5. Matching of outputs We could partly execute the R script after necessary modifications. Although with random seed fixed, deviations from the published results appeared at different locations, yet most of them are negligible, with numbers differing in the last few decimal places, or figures with minor alterations. Notably, our two rerunning attempts had the same warnings and errors occurring at the same locations, and observed fewer discrepancies in numbers between the two set of results obtained.
We compared the outputs from the rerunning on the personal computer and the published results in Online Resource 2.
6. Further notes regarding the published results
After the rerun of the analysis, we established the full picture of prognostic trajectories among the 1540 patients in the KBA database (Fig. 2), of those, only 995 patients were considered eligible for allograft in CR1.
Gerstung et al. presented a global treatment efficacy of different therapeutic strategies by using the three-year mortality reduction after diagnosis, which represented the comparison between receiving allograft in CR1 and salvage allograft after relapse (y-axis), against the three-year mortality with standard chemotherapy only (x-axis), shown in our Fig. 3a (adapted from Fig. 5a in their original paper). We learned from this reproducibility study that asserted causal efficacy was calculated by applying the KBA to the 995 eligible patients. This had naturally led to the question of whether confounding effects were handled appropriately for two reasons. Firstly, the KBA was constructed using 1540 patients, among whom more than 1/3 of the patients were in fact ineligible for allograft. For illustrative purposes, we rebuilt the KBA after restricting it to the 995 patients and summarized the changes in our Fig. 3 and Table 2. Notably, among those who were predicted (by the original KBA) to have a lower 3-year mortality (<40% if receiving standard chemotherapy), the estimated benefits from timely allograft in CR1 disappeared, as indicated by the rebuilt KBA (Fig. 3). This change was also captured in the average survival rates of the Favorable group in Table 2.

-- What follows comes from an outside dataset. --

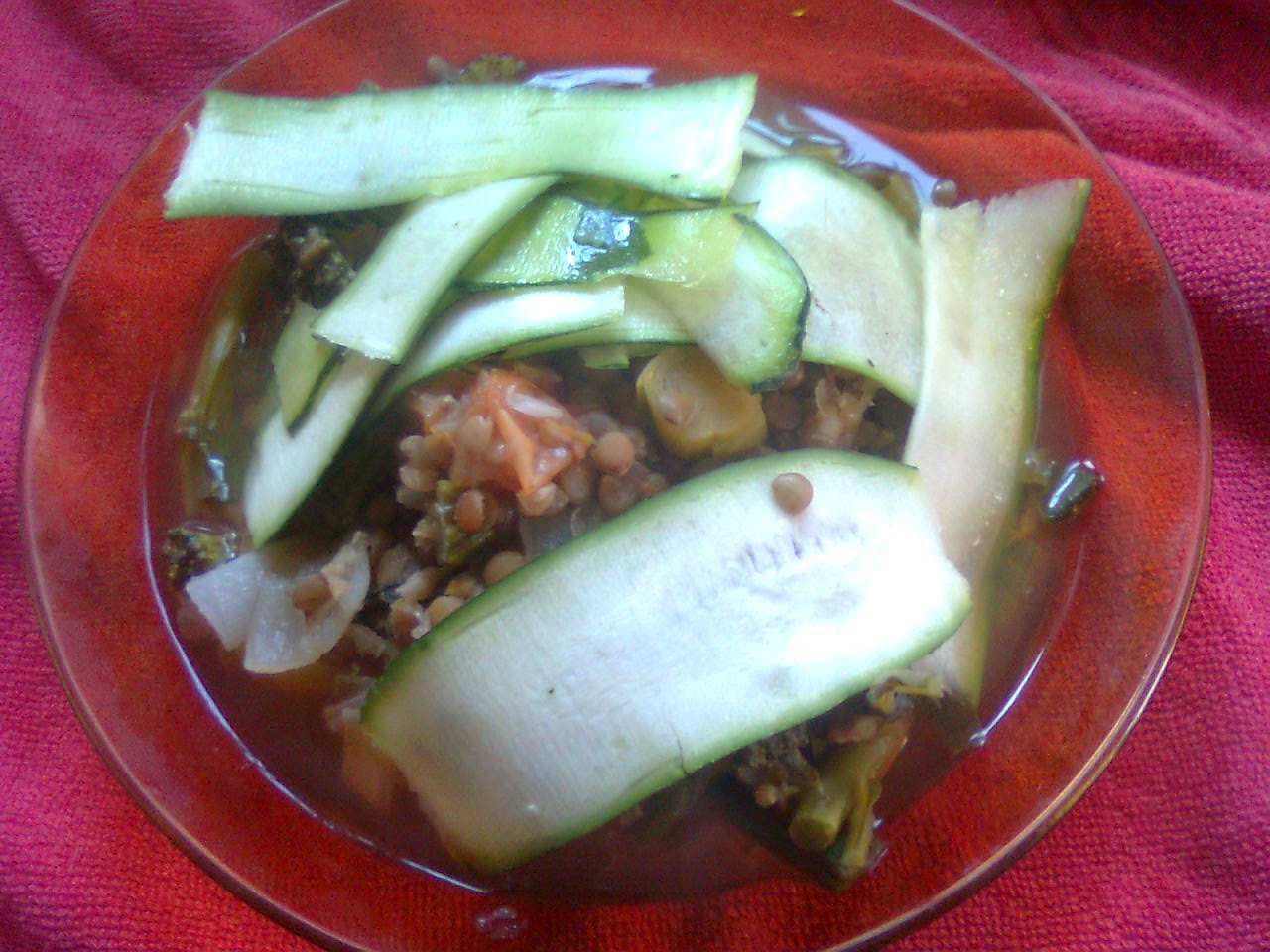 Demolhei as lentilhas durante a manhã. Lavei-as e pus-as a cozer em água e sal. Juntei alho, cebola, alho francês, tomate e brócolo. Entretanto com um descascador de batata, laminei uma courgette para uma taça e temperei com azeite e vinagre de cidra.

Secondly, the KBA was developed for predictive purposes, in that the algorithm was trained and assessed empirically based on their predictive performance without a priori clinical information, hence was ill-suited to address the population-level treatment efficacy, which was, in essence, a causal question where the theoretical causal structure and confounding effects should be taken into account – this has a profound impact on each step of the modeling process. This topic is already beyond the scope of our study and has been elaborated in full detail by Shmueli (2010).